Say I have this original dataframe:
var df1 = Seq(("John","Jameson","TRUE","TRUE","FALSE"),("Kevin","Smith","TRUE","FALSE","TRUE"))
.toDF("First Name","Last Name","Married","Employed","Children")
and I want to convert it so that it fits into this template:
The output dataframe will look like this:
I want to iterate over the columns, "Married","Employed","Children", using "when" conditions and then populate the template like the screenshot above.

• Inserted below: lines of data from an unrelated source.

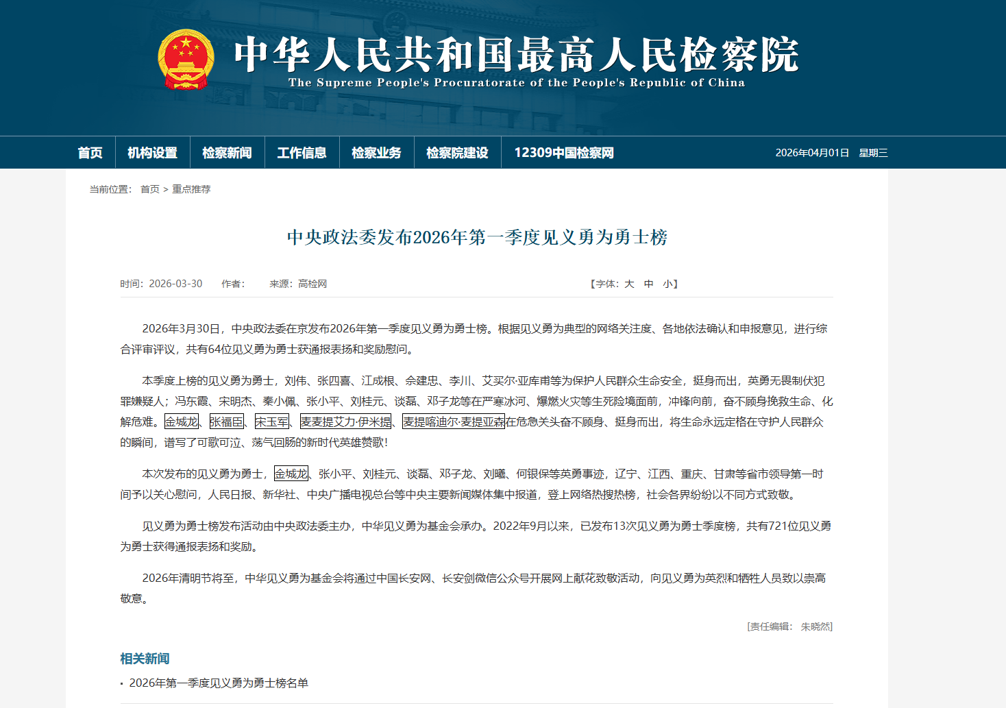 3月30日,中央政法委发布2026年第一季度见义勇为勇士榜,全国64人上榜,重庆2名平民英雄榜上有名。
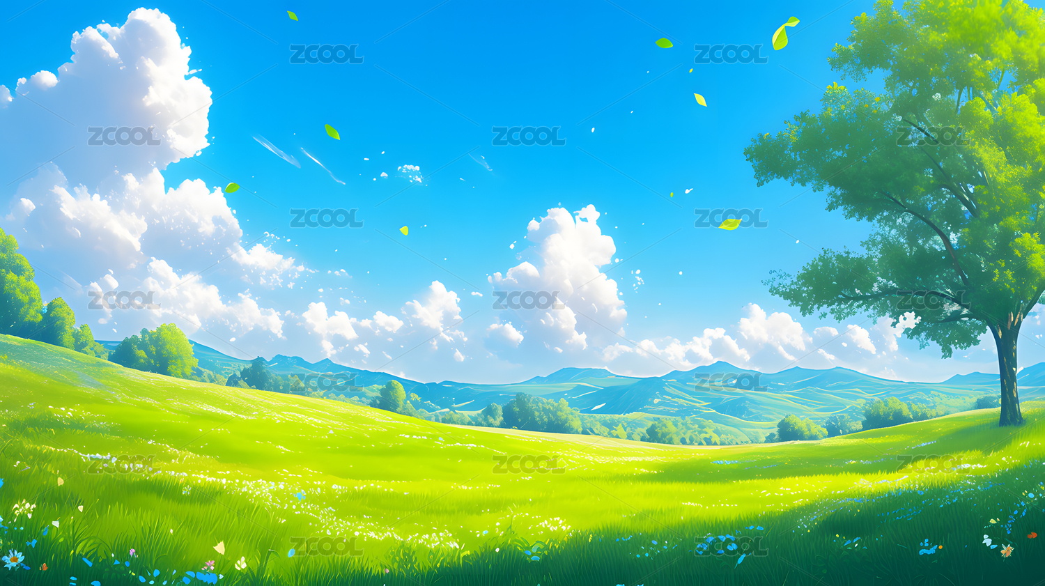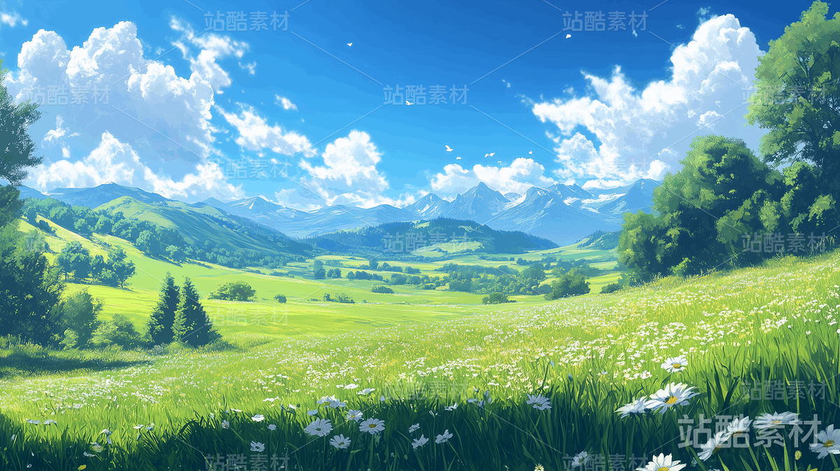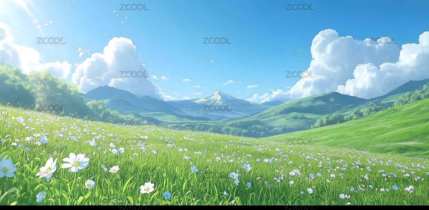 夏日阳光下的山野,绿草如茵,野花盛开。
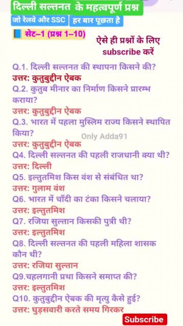 ⁣दिल्ली सल्तनत के महत्वपूर्ण प्रश्न || जो रेलवे और SSC में बार बार पूछे जाते है || Delhi Sultanate MCQ Set-1 | दिल्ली सल्तनत GK प्रश्न उत्तर | History MCQ in Hindi
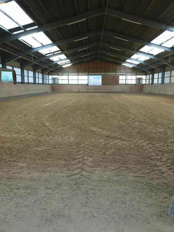 Es gibt eine Reithalle 20 x 40 m und einen Außenplatz, der ca. 22 x 50 m groß ist. Unser Longierzirkel mit einem Durchmesser von 20 m ist mit AS Ground ausgestattet, so dass er auch bei frostigen Temperaturen genutzt werden kann.
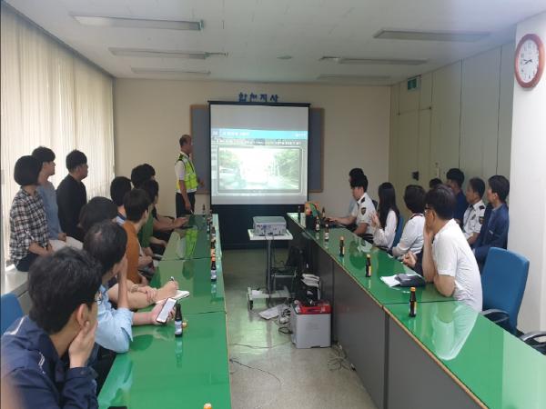합천경찰서(서장 김오녕)는, 2020. 6. 17일 한국전력합천지사 2층 회의실에서 박일섭 지사장 등 약 40여명 대상으로 사람이 보이면 일단멈춤이라는 주제로 교통안전교육을 실시했다.
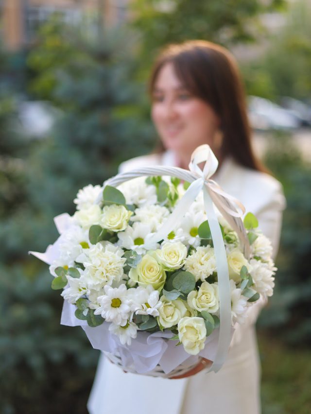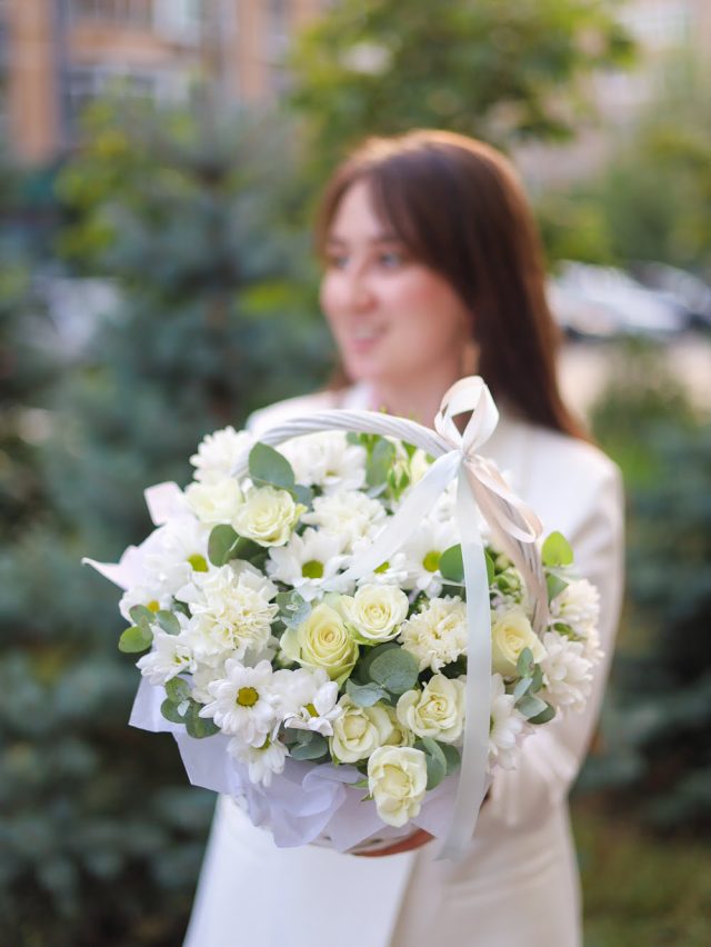 Очаровательная сборная композиция в белой гамме в плетеной корзине.

Any help would truly be appreciated!
Have a great day.
You could pair up each of the selected column values/names into a Struct
, group them into an Array
and flatten them via explode
, as shown below:
val df = Seq(
("John", "Jameson", "TRUE", "TRUE", "FALSE"),
("Kevin", "Smith", "TRUE", "FALSE", "TRUE")
).toDF("First Name", "Last Name", "Married", "Employed", "Children")
val cols = df.columns.filterNot(_.endsWith("Name"))
// cols: Array[String] = Array(Married, Employed, Children)
df.
withColumn("Temp", explode(array(cols.map(
c => struct(col(c).as("Value"), lit(c).as("Criteria"))): _*))
).
select($"First Name" :: $"Last Name" :: $"Temp.*" :: Nil: _*).
show
// +----------+---------+-----+--------+
// |First Name|Last Name|Value|Criteria|
// +----------+---------+-----+--------+
// | John| Jameson| TRUE| Married|
// | John| Jameson| TRUE|Employed|
// | John| Jameson|FALSE|Children|
// | Kevin| Smith| TRUE| Married|
// | Kevin| Smith|FALSE|Employed|
// | Kevin| Smith| TRUE|Children|
// +----------+---------+-----+--------+
Another solution using stack() function
val df = Seq(
("John", "Jameson", "TRUE", "TRUE", "FALSE"),
("Kevin", "Smith", "TRUE", "FALSE", "TRUE")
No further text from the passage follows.